Common ownership and democratic control of the means of production would not give the ownership of the tools of labour to the individual worker. That was once possible, in the days when production was of necessity carried on by hand labour. It is not possible with machine production, which is only carried on by the organised labour of masses of workers. But collective ownership would make it impossible for the idle few to exploit the industrious many. It would make it possible for the workers themselves to exercise an effective control over the products of their labour and their distribution. It would make certain a fuller enjoyment by the producers of the wealth they produce. This is what we mean when we say that common ownership of the forces of social production would result in a greater diffusion of real private property. 

 

Socialism, then, is an attempt to realise in the larger life of the community that rational and fair adjustment of collective and individual power and responsibility 

 

 

The socialist ideal is not at all incompatible with the development of individual genius and character.  Until we socialise all we shall waste an incalculable amount of potential individual genius. We must give to every child born full and free access to every social gift, to develop all his or her gifts. Socialism, then, is not aiming at equality and a level plain of mediocrity.
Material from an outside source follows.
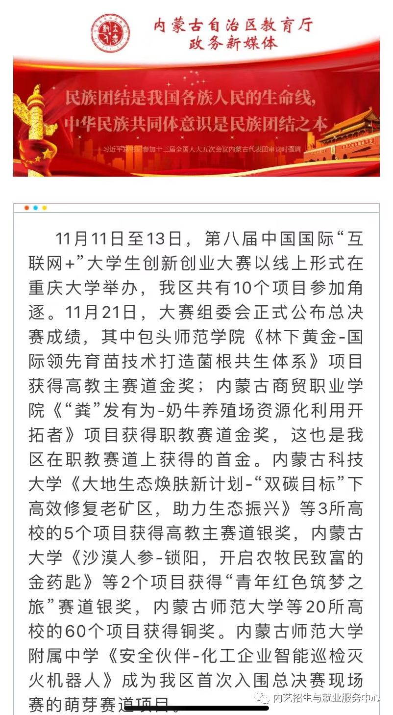我校今年在全国大学生创业服务网上的报名数达到了309项,参与学生突破了1500名,参与指导教师近200位。首次组织学生参加了产业赛道报名,对接2个企业,共获批20个推荐区赛网评指标,包括高教主赛道11项,红旅赛道7项,职教赛道1项,产业命题赛道1项。我校在8月中旬结束的自治区“互联网+”大赛决赛中获得银奖3项、铜奖3项,1项银奖推荐国赛网评,并获国赛铜奖。2022年我校的“互联网+”大赛报名数、推荐区赛网评数、区赛获奖数均创历史新高。
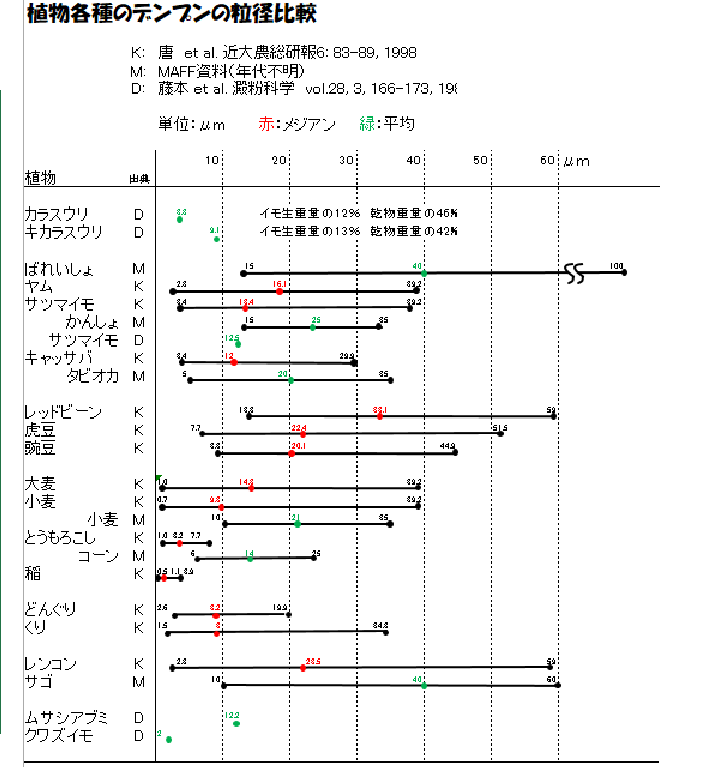 *カラスウリのデンプンについての研究論文見つけました。ほかの植物のデンプンについても粒子径の数値があったので一覧表にしてみました。参考文献リスト代わりね。

Poverty must be abolished, because it is anti-social, and denies millions opportunity to develop their inborn powers. The disease-breeding tenement and the slum must go for the same reason. To-day the production and the exchange of wealth are functions carried on with an anti-social object, namely, the profit of a class of non-producers. That is the fundamental wrong of capitalism. That is the source of its poverty and its inequality. Those who make the bread of the world cannot eat the bread their hands have made. No one is poor because there is not enough for all. No child suffers hunger because there is a dearth of food. No child wears rags or goes without shoes because good clothes and shoes cannot be made in sufficient quantity to supply all. We have abundant natural resources and wonderful powers of production; on the other side are have a great unsatisfied need which could be easily satisfied. But we have not as yet learned to direct our productive capacity to the social good. No human want would remain unsatisfied so long as there were unexhausted productive powers. All our resources and our skill and might would be combined to meet the needs of every human being. 

 

We must end capitalism and establish a socialist world. There is no other way. We aim to make life better, happier and more beautiful for all, capable of producing plenty for all.